Bier & Leben - (un)filtriert

Vor Dir stehen zwei Gläser kühles Bier. Das eine ist klar, das andere trüb.

Welches nimmst Du?


Ich muss nicht lange überlegen: Ich nehme beide 🤣

Doch müsste ich entscheiden, würde meine Hand zum "Trüben" greifen.


Warum ich das tue, wie es zur Trübung kommt, wieso Bier geklärt wird und was das mit unserem Leben zusammenhängt - davon schreibe ich Dir jetzt.

Oft steht nicht einfach "trüb" auf der Flasche, sondern die Ergänzung naturtrüb.

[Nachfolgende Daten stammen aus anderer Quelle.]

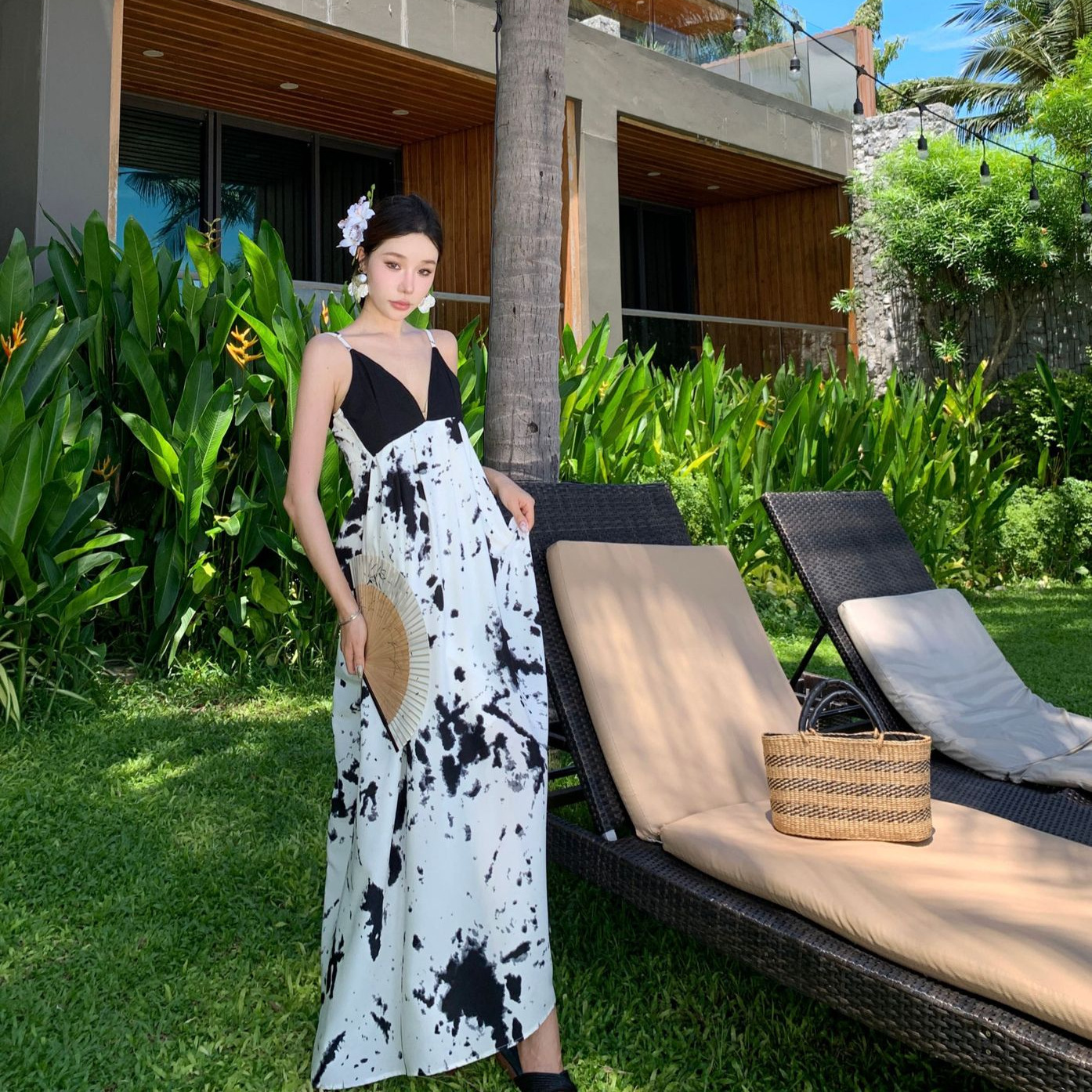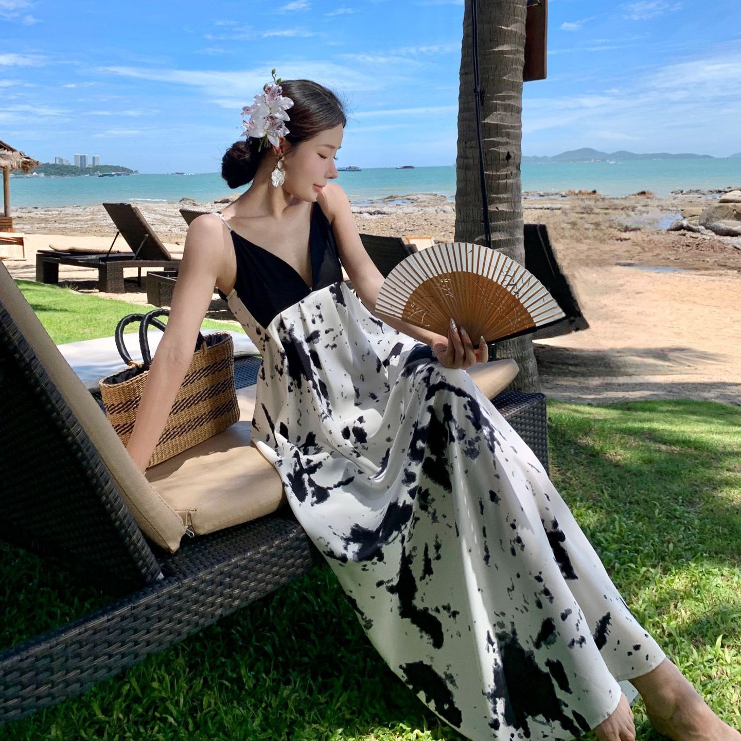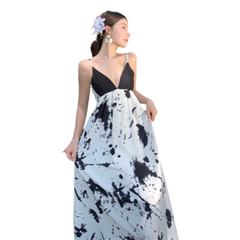 新中式V领水墨黑白拼接高级感碎花长裙吊带连衣裙海边度假长裙子
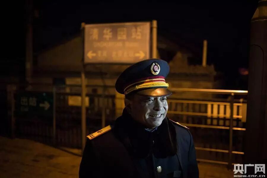 22:50,李凤强站长在迎接清华园站最后一班客运列车的到来。

Sie zeigt, dass dies die natürliche Erscheinungsform des kühlen Hopfengetränks ist.

Jeder Brauvorgang erzeugt ein naturtrübes Bier - egal welcher Bierstil.


Grund dafür: Die Hefe. Hefezellen sind zwar winzig, aber in Form einer Trübung sichtbar. Mit der Zeit setzt sich ein Großteil der Zellen am Fass- oder Flaschenboden ab. Deswegen schwenkt man bei einem naturtrüben Flaschenbier (z.B. Hefeweizen) das letzte Drittel nochmal auf, bevor man es ins Glas gießt.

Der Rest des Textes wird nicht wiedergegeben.